Use the same API for all recipes using the same gem

Any recipes using the git-deploy gem can continue using the same API. To include this behavior in a recipe, do something like the following:

deploy "/srv/#{appname}" do
  repo "git://github.com/radiant/radiant.git"
  revision "HEAD"
  user "railsdev"
  enable_submodules false
  migrate true
  migration_command "rake db:migrate"
  # Giving a string for environment sets RAILS_ENV, MERB_ENV, RACK_ENV
  environment "production"
  shallow_clone true
  action :deploy
  restart_command "touch tmp/restart.txt"
end

Deploy without creating symbolic links to a shared folder

To deploy without creating symbolic links to a shared folder:

deploy "/my/apps/dir/deploy" do
  symlinks {}
end

When deploying code that is not Ruby on Rails and symbolic links to a shared folder are not wanted, use parentheses () or Hash.new to avoid ambiguity.

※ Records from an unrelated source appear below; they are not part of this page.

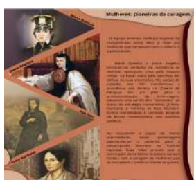
Fig. 01 – Artes Gráficas

As imagens abaixo, tem a finalidade de colaborar com a argumentação da necessidade da contratação dos serviços gráficos e suas plotagens para a realização da referida exposição:
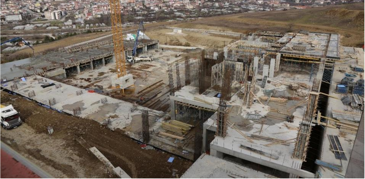
Mühendislik Fakültesi Laboratuvar İnşaatı

2018 yılı içerisinde ihalesi yapılan 20.800 m2 kapalı alana sahip “Mühendislik Fakültesi Laboratuvar Binası” projesinin ihale bedeli (KDV dahil) 46.462.500 TL olup; Demir Çelik Yerleşkesi Mühendislik Fakültesi yanındaki alanda yapımına başlanmış ve 2019 yılında 13.497.167,05 TL harcama yapılmış olup, kümülatif harcaması 24.817.631,05 TL’yi bulmuştur. Yatırım Bütçesindeki daralmadan dolayı projenin 2022 yılı sonuna doğru bitilmesi öngörüldüğünden idaremizce proje bitiş tarihinin 31.12.2022 tarihine kadar uzatılmasına karar verilmiştir.
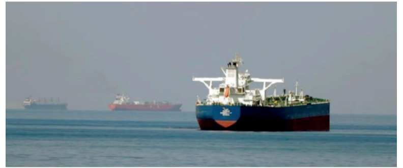
Abierto. El paso para buques comerciales por el estrecho de Ormuz.

Esto pese a la reapertura anunciada, tanto por Trump, como por Irán
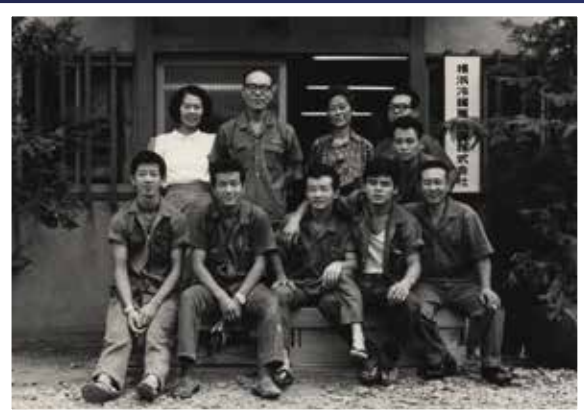
1967年、手狭になり創業2年目に移転した事務所兼工場の前で…。 松下倉庫敷地内にある木造2階建ての1階で修理と整備に明け暮れた。
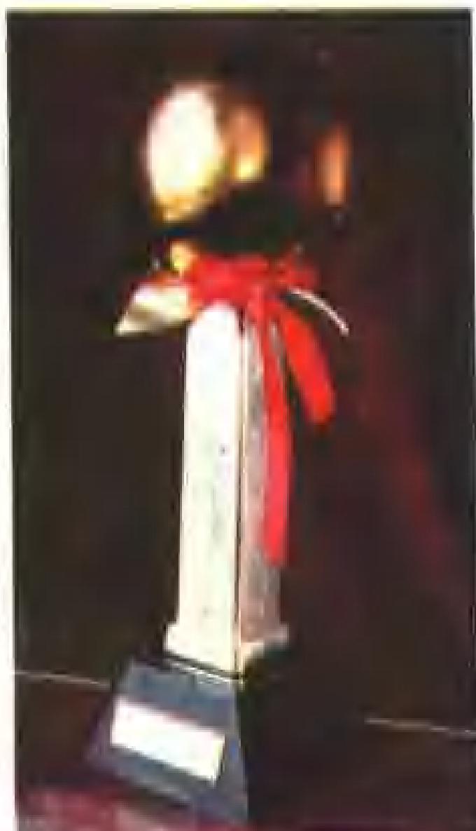
《西迁》壁画获 《大金果奖》。
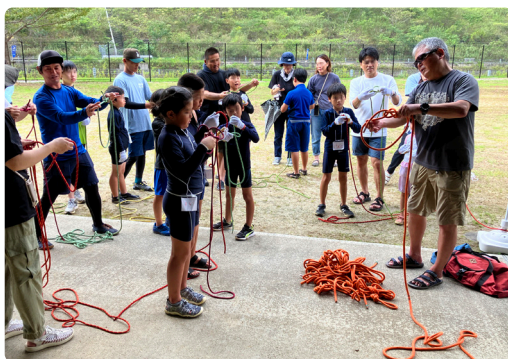
まずはロープの使い方をプロから学ぶ
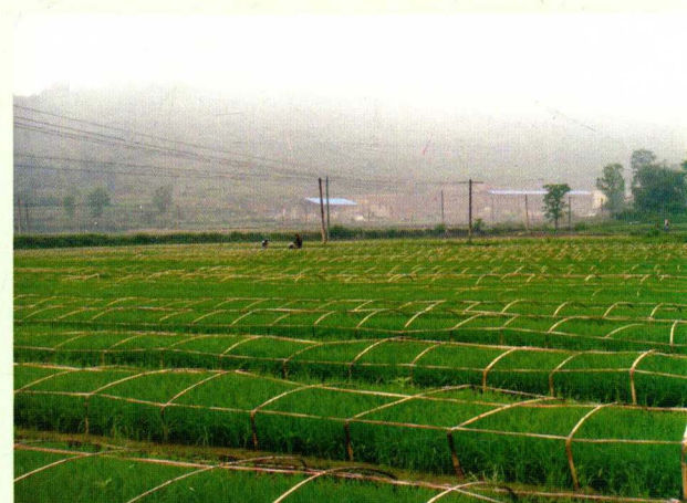
水稻生态早育秧集中育苗示范
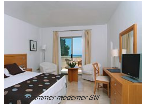
Zimmer moderner Stil

For example, using parentheses:

deploy "/my/apps/dir/deploy" do
  symlinks({})
end

or using Hash.new:

deploy "/my/apps/dir/deploy" do
  symlinks Hash.new
end

Clear a layout modifier attribute

Using the default attribute values for the various resources is the recommended starting point when working with recipes. Then, depending on what each node requires, these default values can be overridden with node-, role-, environment-, and cookbook-specific values. The deploy resource has four layout modifiers: create_dirs_before_symlink, purge_before_symlink, symlink_before_migrate, and symlinks. Each of these is a Hash that behaves as an attribute of the deploy resource. When these layout modifiers are used in a recipe, they appear similar to the following:

deploy "name" do
  ...
  symlink_before_migrate       {"config/database.yml" => "config/database.yml"}
  create_dirs_before_symlink   %w{tmp public config}
  purge_before_symlink         %w{log tmp/pids public/system}
  symlinks                     { "system" => "public/system",
                                 "pids" => "tmp/pids",
                                 "log" => "log"
                               }
  ...
end

and then what these layout modifiers look like if they were empty:

deploy "name" do
  ...
  symlink_before_migrate       nil
  create_dirs_before_symlink   []
  purge_before_symlink         []
  symlinks                     nil
  ...
end

In most cases, using the empty values for the layout modifiers will prevent the chef-client from passing symbolic linking information to a node during the chef-client run. However, in some cases, it may be preferable to ensure that one (or more) of these layout modifiers do not pass any symbolic linking information to a node during the chef-client run at all. Because each of these layout modifiers are a Hash, the clear instance method can be used to clear out these values.

To clear the default values for a layout modifier:

deploy "name" do
  ...
  symlink_before_migrate.clear
  create_dirs_before_symlink.clear
  purge_before_symlink.clear
  symlinks.clear
  ...
end

In general, use this approach carefully and only after it is determined that nil or empty values won’t provide the expected result.